Recipients of certain adeno-associated virus (AAV) vector-based gene therapies should be monitored closely for signs of thrombotic microangiopathy (TMA), FDA advisors agreed.
"Frequent laboratory assessments are necessary," said Barry Byrne, MD, PhD, of the University of Florida in Gainesville, based on his observations that patients on onasemnogene abeparvovec (Zolgensma) tend to first show IgM presence in sera -- IgM being an activator of the immune system's classical complement pathway -- and a positive D-dimer test before progressing to clinical TMA findings.
Byrne spoke before the FDA as a temporary voting member of the Cellular, Tissue, and Gene Therapy Advisory Committee (CTGTAC).
TMA is a rare condition, either genetic or acquired, involving endothelial injury in small vessels and blood clots. Initial presentation of TMA can include fever, vomiting, hypertension, decreased urine output, and acute kidney injury. Although activation of the classical complement pathway plays a role, the pathogenesis of TMA following AAV9 vector administration remains unclear and there are no known preventative measures.
"Hence, early clinical detection of TMA is really key, and that should be based on the recognition of signs and symptoms of TMA," said Deepa Chand, MD, executive director of patient safety for Novartis Gene Therapies in Bannockburn, Illinois, during the virtual CTGTAC meeting.
Chand shared that nine cases of TMA have been identified from more than 1,400 patients with spinal muscular atrophy who were dosed with Novartis's AAV9-based Zolgensma.
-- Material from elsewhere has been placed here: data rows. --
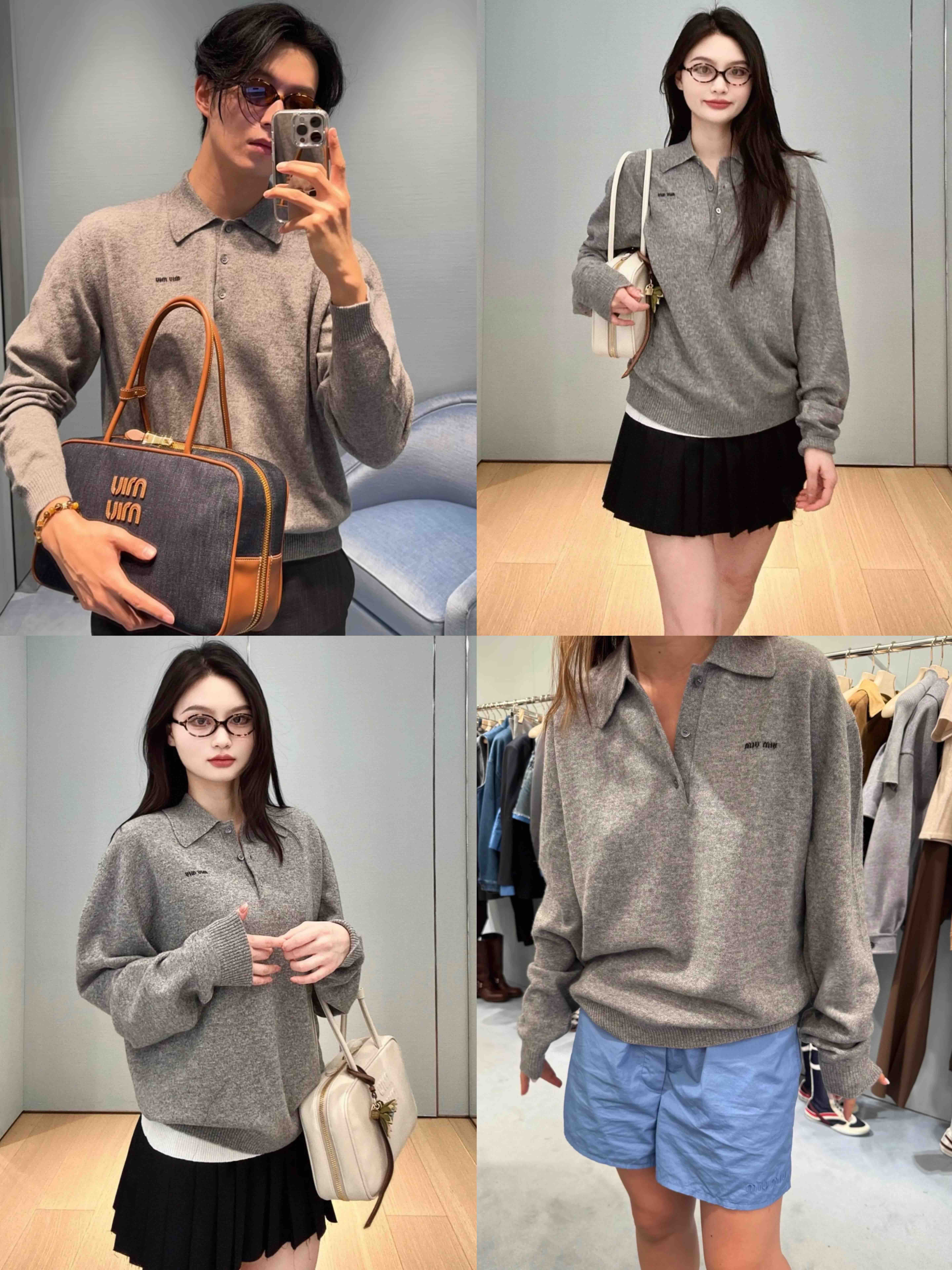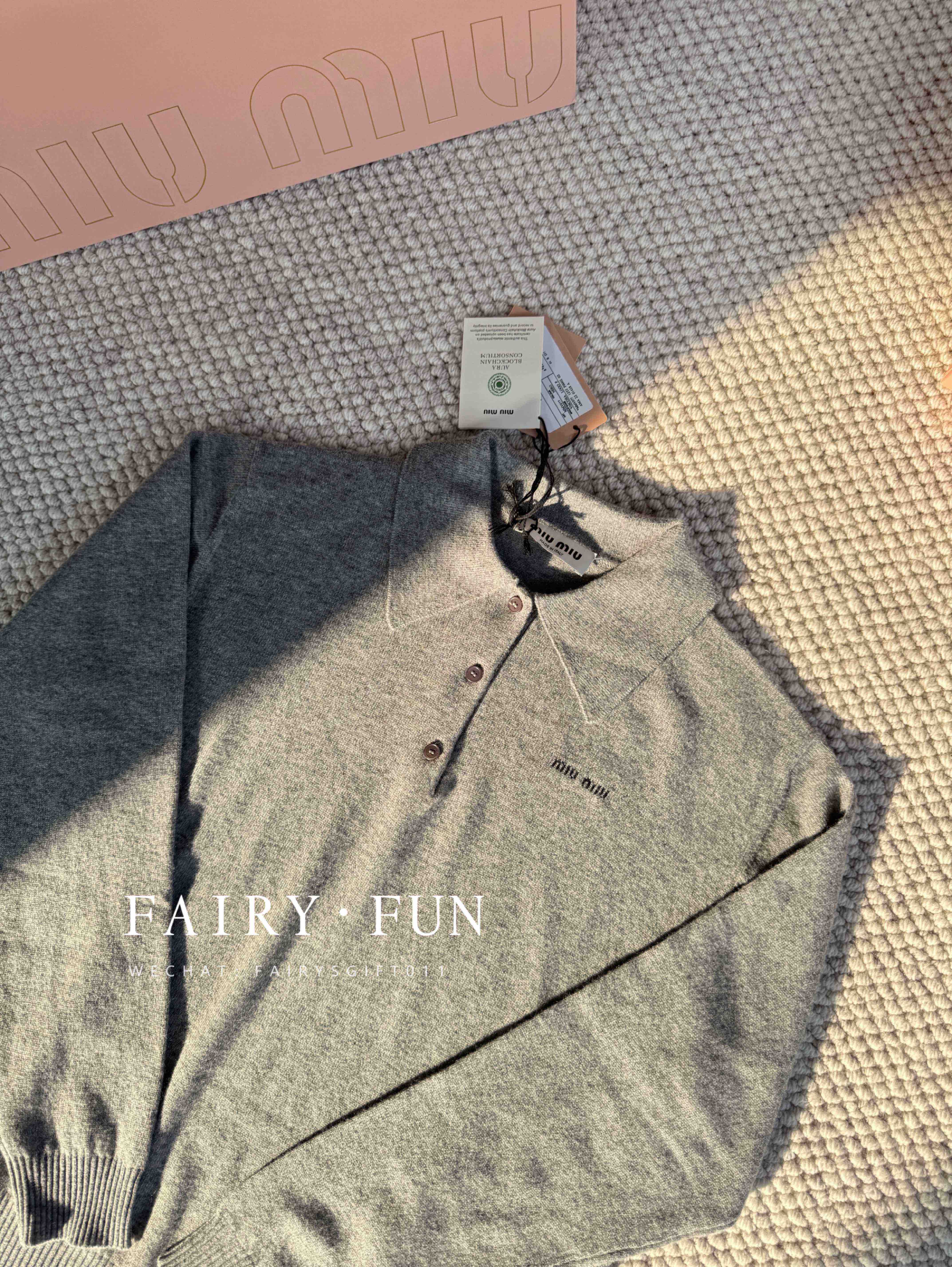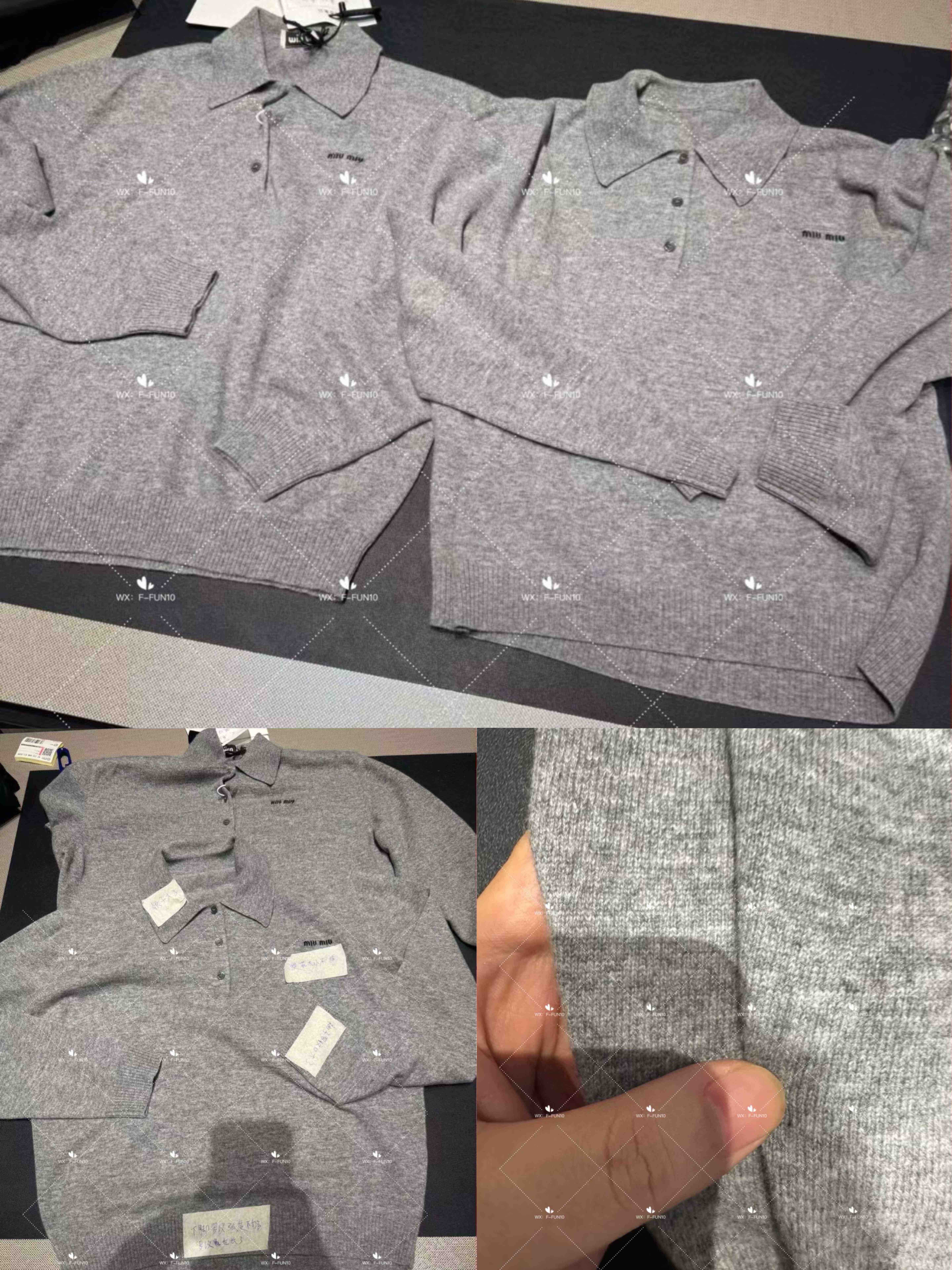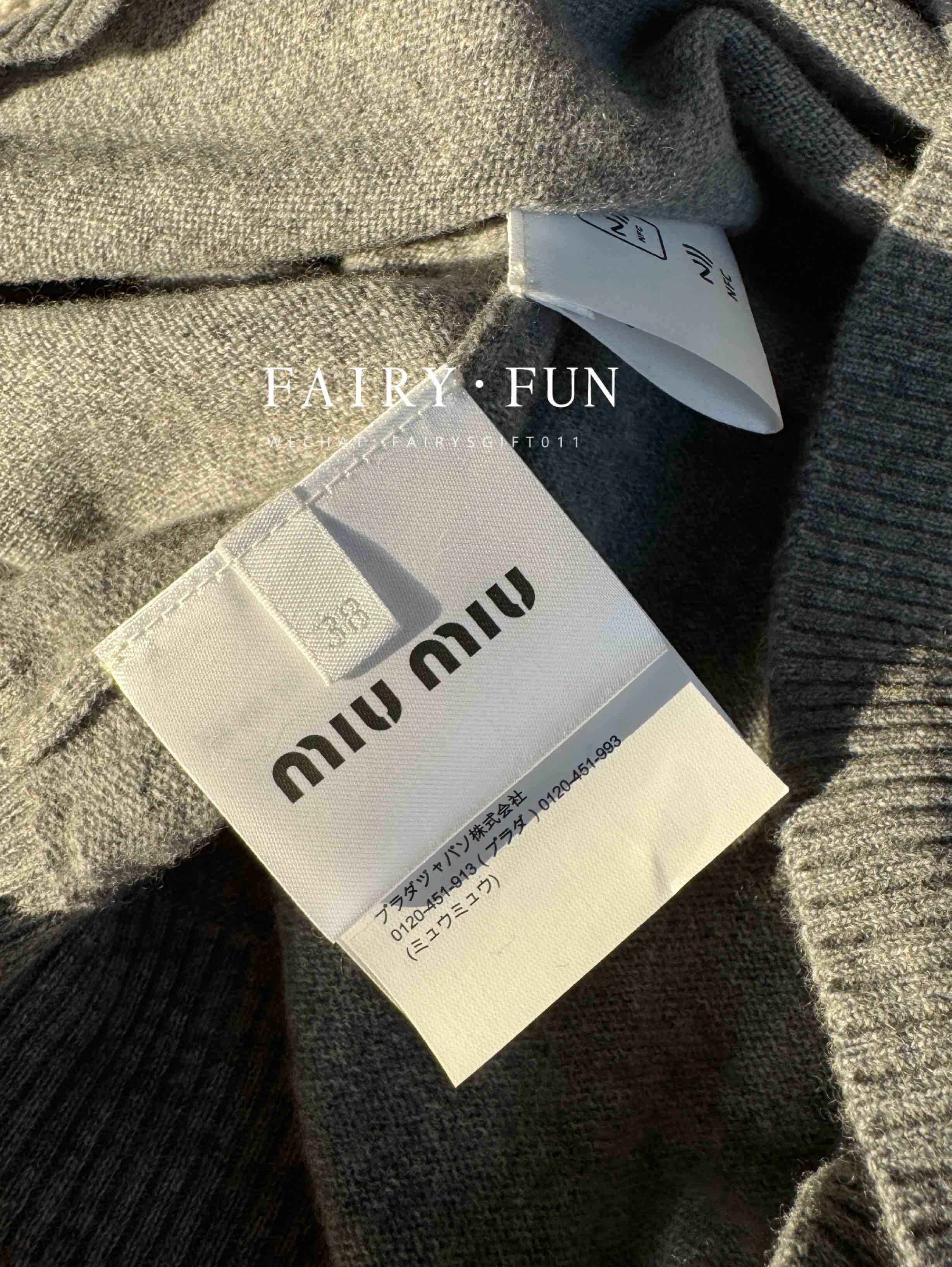 MIU-S 灰色羊绒Polo毛衣.
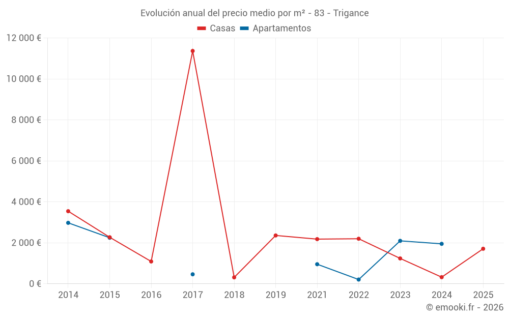 Mapa de precios de la vivienda en la comuna de Trigance, elija una sección para ver las transacciones por parcela.
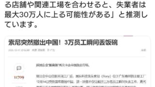 ニュー速SONYが中国の工場を閉鎖。3万人が失業、最大で30万人の失業者が出る模様

TMA typically occurred within 7 to 9 days from dosing in these nine children, all girls, varying in age from 4 months to 4 years.
Separately, four out of 15 patients developed TMA during clinical development of two AAV9-based candidate therapies for Duchenne muscular dystrophy (DMD), Chand reported. TMA onset occurred within 2 weeks in these four patients, who were boys ages 7 to 12 years.
During the open public hearing of the CTGTAC session, Dan Levy, MD, PhD, the DMD gene therapy team lead for Pfizer in Collegeville, Pennsylvania, reported that three out of 21 people developed TMA in a phase Ib study of another AAV9-based candidate gene therapy for DMD.
Chand and Levy both noted that TMA cases were often treated with supportive management and the anti-complement drug eculizumab (Soliris). Most patients are now recovered or improving following treatment.
"Therapy must be individualized based on the clinical presentation and course," Chand said. "As with any therapy, individual patient benefit-risk should be considered."
Notably, B-cell depleting therapy can be used to prevent complement activation, but should be paired with rapamycin therapy to dampen the immune system when the B cells eventually recover, suggested CTGTAC panelist Roland Herzog, PhD, of Indiana University School of Medicine in Indianapolis.
Gene therapy-associated TMA had emerged as a risk during postmarketing surveillance of Zolgensma, the only FDA-approved systemically administered AAV9-based gene therapy. The product's package insert currently warns of TMA in the safety information, but monitoring and mitigation strategies should be detailed in product labeling, Chand urged.
Research considerations also call for a need for biomarker evaluation to probe the specific ways that endothelial injury and complement pathway aberrancies contribute to TMA, she said.
Byrne acknowledged the limited experience with TMA outside AAV9-based products, contrasting them with the AAV5- and AAV8-based hemophilia therapies that are given at much lower doses because they are targeted to the liver.
Additionally, although the frequency of TMA is related to capsid exposure, it's not currently possible to reduce the ratio of empty capsids versus vector-carrying capsids and maintain the amount of gene therapy delivered in a product like Zolgensma, he noted.
"Yes, less is better," but "that's the challenge we face in the field," he said.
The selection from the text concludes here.